I spent a few days playing around with my crawl setup and ran into a few issues. For the crawl i'm using the libselenium plugin and phantomjs. In the usual setup the generate runs with topN=10000 and the fetcher gets 100 threads.
1. I set the topN parameter of our generate job to a low number (100) to test how well the adaptive crawling changes around the crawled URLs. What I experienced was that mostly the same URLs were fetched and only few (8-10) changed between crawls. The following relevant configurations are set:
db.fetch.interval.default = "3600" db.fetch.schedule.class = "org.apache.nutch.crawl.AdaptiveFetchSchedule" db.fetch.schedule.adaptive.min_interval = "1200" db.fetch.schedule.adaptive.inc_rate = "0.4" db.fetch.schedule.adaptive.dec_rate = "0.2" db.fetch.schedule.adaptive.sync_delta = "true" db.fetch.schedule.adaptive.sync_delta_rate = "0.3"
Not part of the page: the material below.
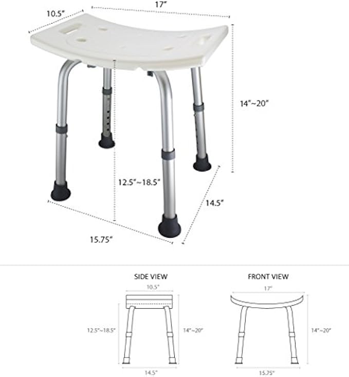 Ez2care Adjustable Lightweight Shower Bench, Bathtub Stool, White, 12.5 to 18 inch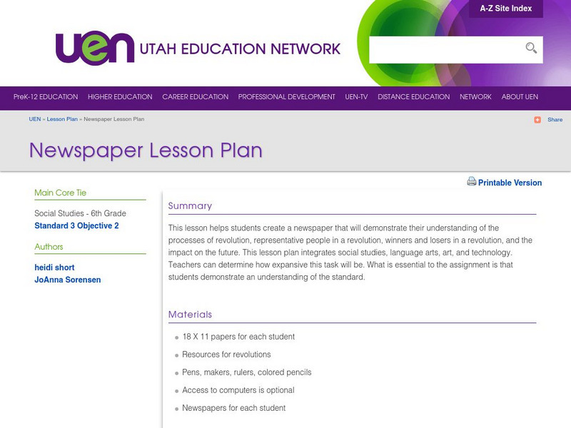 This lesson engages students developing a newspaper. Students will demonstrate their understanding of the term "revolution" as they create their newspaper.

The main goal would be to have a large scale crawl that only fetches often-changing sites regularly.
2.  I'm seeing quite a lot of UnkownHostException errors for example:
2017-08-16 15:23:28,099 INFO [FetcherThread] org.apache.nutch.protocol.http.api.HttpRobotRulesParser: Couldn't get robots.txt for http://www.tomgeorge.hu/phplapozo/tgkepek.php: java.net.UnknownHostException: www.tomgeorge.hu 2017-08-16 15:23:28,099 ERROR [FetcherThread] org.apache.nutch.protocol.selenium.Http: Failed to get protocol output

I managed to ping the failing sites on the machine where the jobs are running, so I'm not sure how it could be a DNS setting.

3. Selenium throws NoSuchElementExceptions:
2017-08-16 15:28:14,963 ERROR [FetcherThread] org.apache.nutch.protocol.selenium.Http: Failed to get protocol output java.lang.RuntimeException: org.openqa.selenium.NoSuchElementException: {"errorMessage":"Unable to find element with tag name 'body'","request":{"headers":{"Accept-Encoding":"gzip,deflate","Connection":"Keep-Alive","Content-Length":"35","Content-Type":"application/json; charset=utf-8","Host":"localhost:32377","User-Agent":"Apache-HttpClient/4.5.2 (Java/1.8.0_144)"},"httpVersion":"1.1","method":"POST","post":"{\"using\":\"tag name\",\"value\":\"body\"}","url":"/element","urlParsed":{"anchor":"","query":"","file":"element","directory":"/","path":"/element","relative":"/element","port":"","host":"","password":"","user":"","userInfo":"","authority":"","protocol":"","source":"/element","queryKey":{},"chunks":["element"]},"urlOriginal":"/session/7eec7df0-8297-11e7-b678-71c58580ccf2/element"}} Command duration or timeout: 288 milliseconds

I'm seeing this one a lot, not sure what the issue could be. Opened some of the links and there is definitely a <body> tag in their HTML.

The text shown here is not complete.